MSI's GeForce RTX 2060 Super Gaming X comes with a factory-overclock, as well as an improved cooler that offers the idle fan-stop feature the Founders Edition lacks. With only 200 W power consumption, the card is a great choice if you have an older PSU.

*Show full review*


----------



## Assimilator (Jul 9, 2019)

Ridiculously overpriced.

edit: this was when MSRP was $435, it's already dropped by $20 to $415.


----------



## Manu_PT (Jul 9, 2019)

Assimilator said:


> Ridiculously overpriced.



Highly disagree. 420€ here, 10% slower than a 1080ti. Considering the current state of GPU market this is not overpriced at all. It makes every 500€+ GPU irrelevant/not worth it imo.


----------



## HaKN ! (Jul 9, 2019)

Manu_PT said:


> Highly disagree. 420€ here, 10% slower than a 1080ti. Considering the current state of GPU market this is not overpriced at all. It makes every 500€+ GPU irrelevant/not worth it imo.

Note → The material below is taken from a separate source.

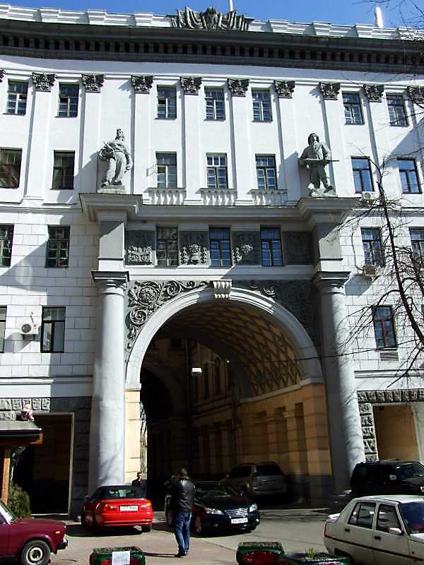 2009 р. Центральна частина головного фасаду Розмір зображення: 600:800 піксел 3 квітня 2009 р. Фото М.І.Жарких. Вкладені елементи Фронтон Робітниця Робітник Рельєфна вставка

Thats not the point ! When will ppl like you start realizing what you are doing to the market and allowing companies pull bs like this ? The point is , ITS A XX60card with xx70 prices ffs !! It dosent matter the per jump over last gen cards ! Or if it can fly to the moon ! Its a 2060 with almost xx80 prices!


----------



## Minus Infinity (Jul 10, 2019)

Can you disable idle fan stop. Why would that be highly desirable, so much other fan noise (case and CPU) will mask GPU fans, so I'd rather it idled at 35C than 51C, even under load you won't here the GPU fans.


----------



## W1zzard (Jul 10, 2019)

Updated the review to reflect current street price of $415


----------



## StrayKAT (Jul 10, 2019)

HaKN ! said:


> Thats not the point ! When will ppl like you start realizing what you are doing to the market and allowing companies pull bs like this ? The point is , ITS A XX60card with xx70 prices ffs !! It dosent matter the per jump over last gen cards ! Or if it can fly to the moon ! Its a 2060 with almost xx80 prices!



Where are xx80s priced like that? lol.. I prefer my Vega, but I might just switch for that. They're all $700+ here in the US.

This 2060 Super is closer in price to the old 2060 (running around $350+).


----------



## Assimilator (Jul 10, 2019)

Considering this card has been out a single day and already dropped by $20, we will hopefully see all the 2060 Super variants stabilise at around the $400 mark in about 2 months' time, espeicially once AIB 5700 cards arrive in volume.


----------